● WHAT IS REQUIRED
Going from the line that contains "Top med hulmønster" through the last line of the records, set down each line again exactly, both included, with pictures left out.

● INFORMATION SHOWN

========================================

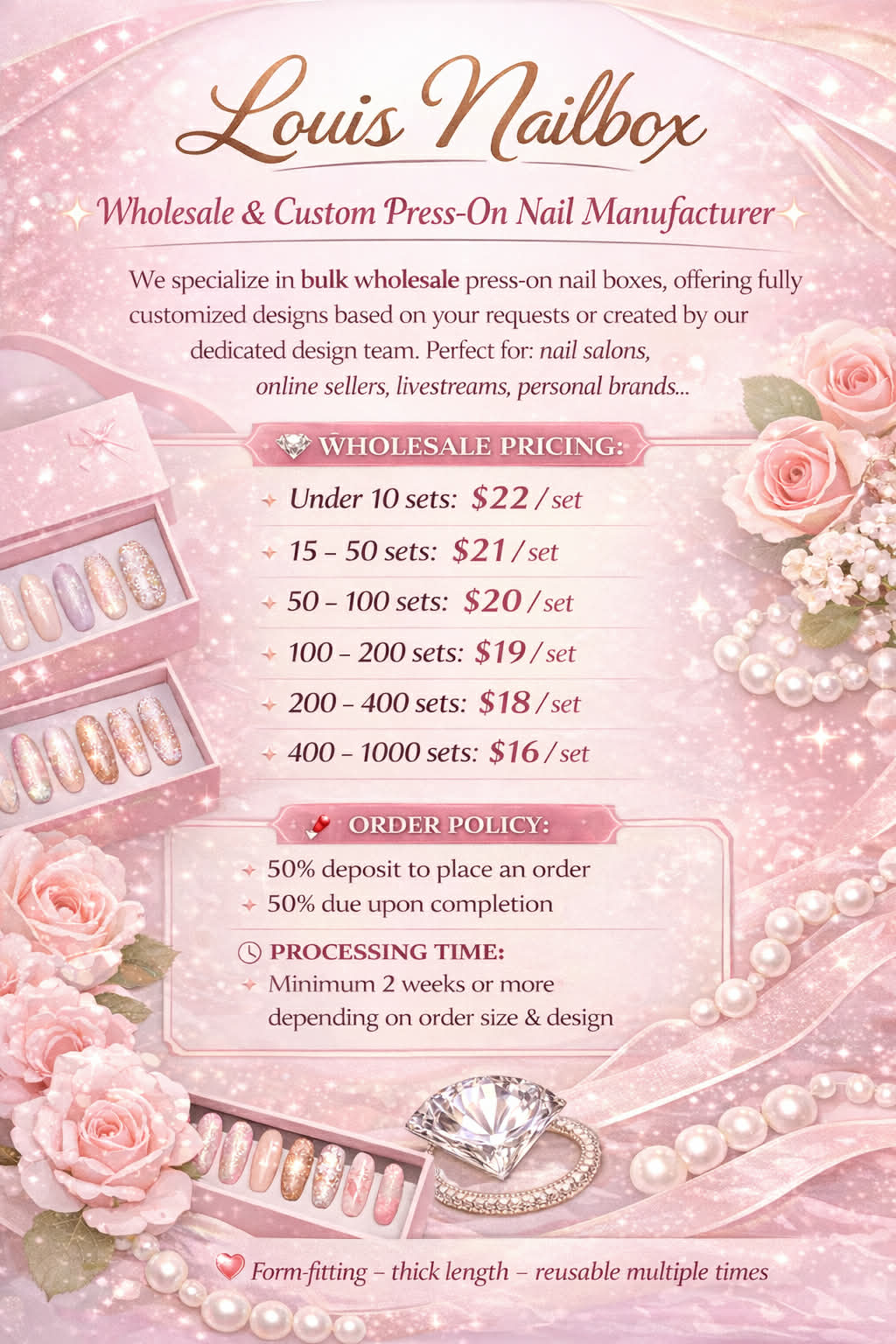 We specialize in bulk wholesale press-on nail boxes offering fully customized designs based on your requests or created by our dedicated design team.
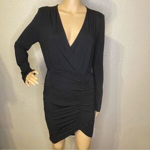 NWT Express Olivia Culpo Bodycon Ruched Long Sleeve Mini Dress Black Size Small
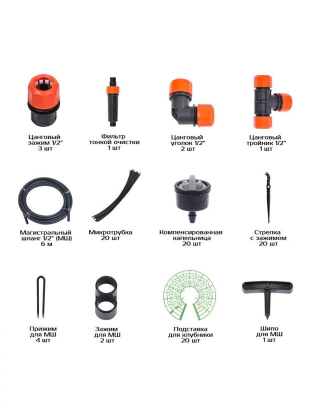 - 95 предметов из износостойкого пластика, шаг капельницы 20 см, рассчитан на 20 кустов.
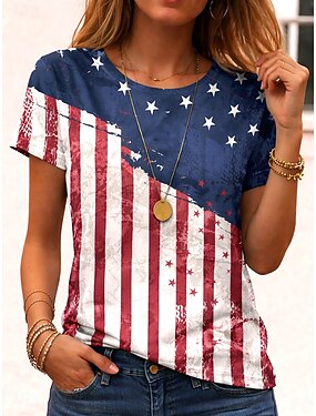 Giorno dell'Indipendenza Americana Per donna Maglietta Stampato Grafico Bandiera Elegante Classico Casual Manica Corta Girocollo Top Regolari Quotidiano Blu Bianco Rosso Estate Primavera
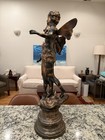 A Large Pair Of Antique French Bronzed Spelter Allegorical Sculptures
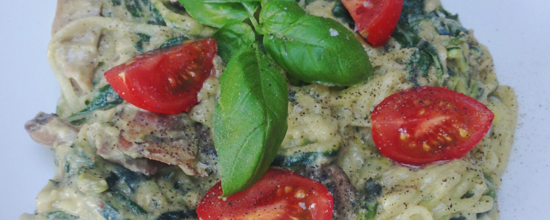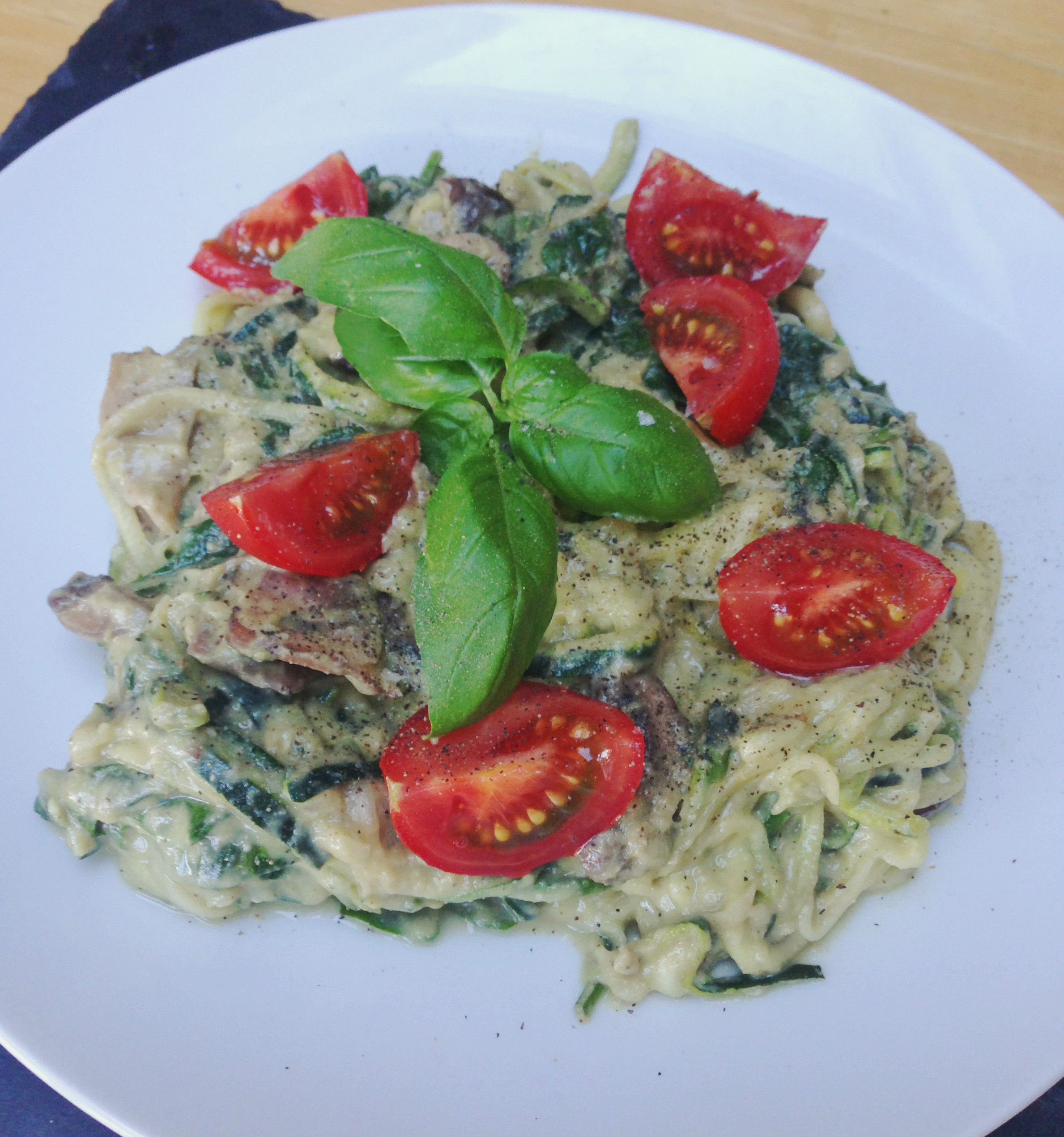 And, voila! I added my spinach to the pan during step 5, and my chopped tomatoes once the courgetti was on the plate. This is more of a challenge than it sounds – transferring creamy courgetti (that seems to go on forever) from a large pan to a plate is not such an elegant sight…
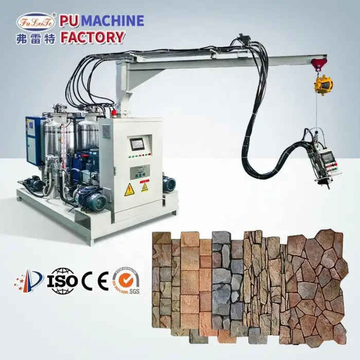 The machine is designed to produce rigid polyurethane foam, which can be used for creating PU stone skins, mushroom stones, custom cultural stone products, and for construction and design projects.
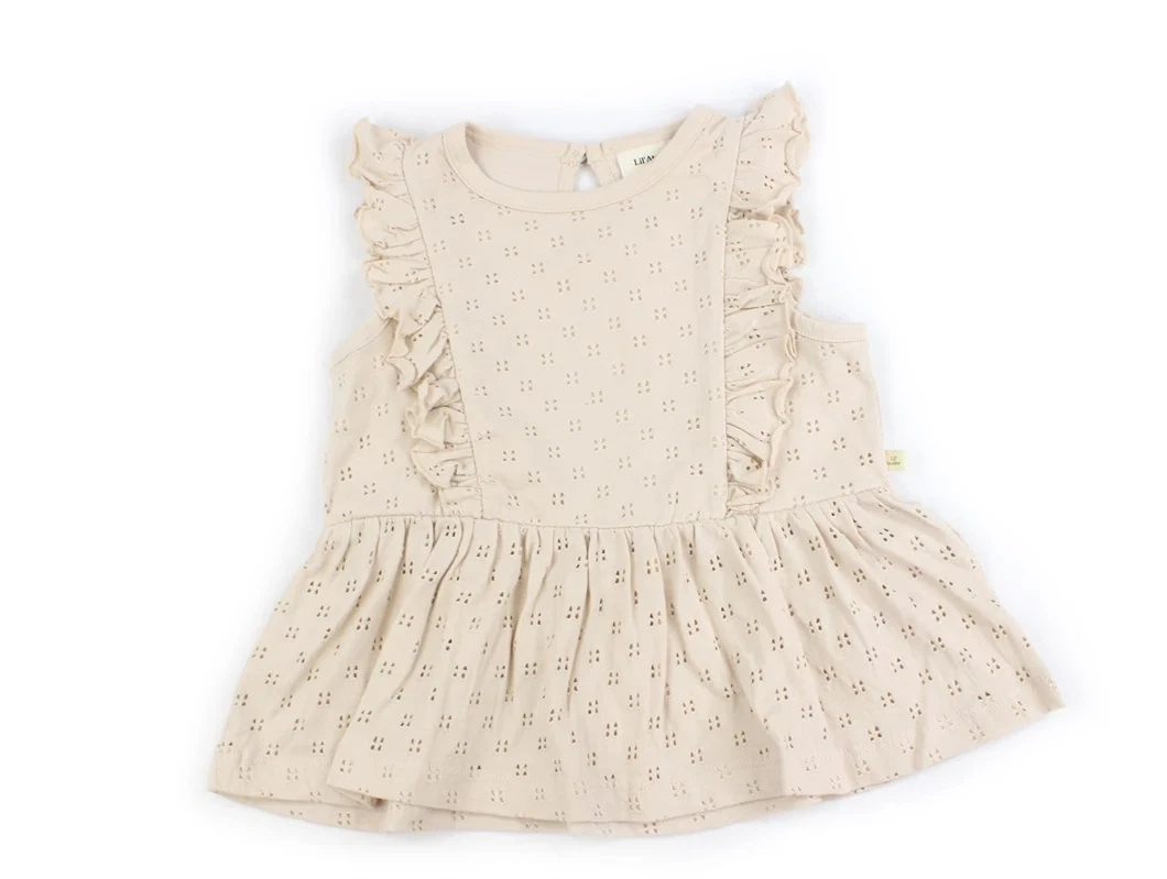 Top med hulmønster og flæser i farven shell fra Lil' Atelier.
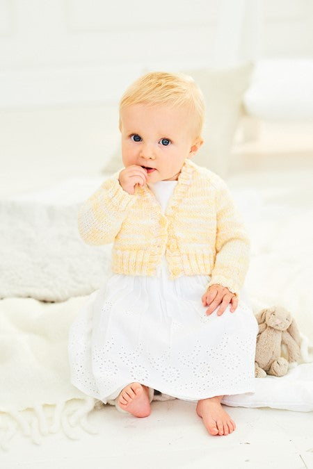 A lovely long and short sleeved cardigan set are featured in pattern 9899. The long sleeved option is knitted in stocking stitch with ribbed edging while the short sleeve option has a contrast colour border to add that little bit of extra detail. Both are V-neck cardigans, just perfect for your little rays of sunshine.

========================================

● OUTPUT BELOW
 Top med hulmønster og flæser i farven shell fra Lil' Atelier.
 A lovely long and short sleeved cardigan set are featured in pattern 9899. The long sleeved option is knitted in stocking stitch with ribbed edging while the short sleeve option has a contrast colour border to add that little bit of extra detail. Both are V-neck cardigans, just perfect for your little rays of sunshine.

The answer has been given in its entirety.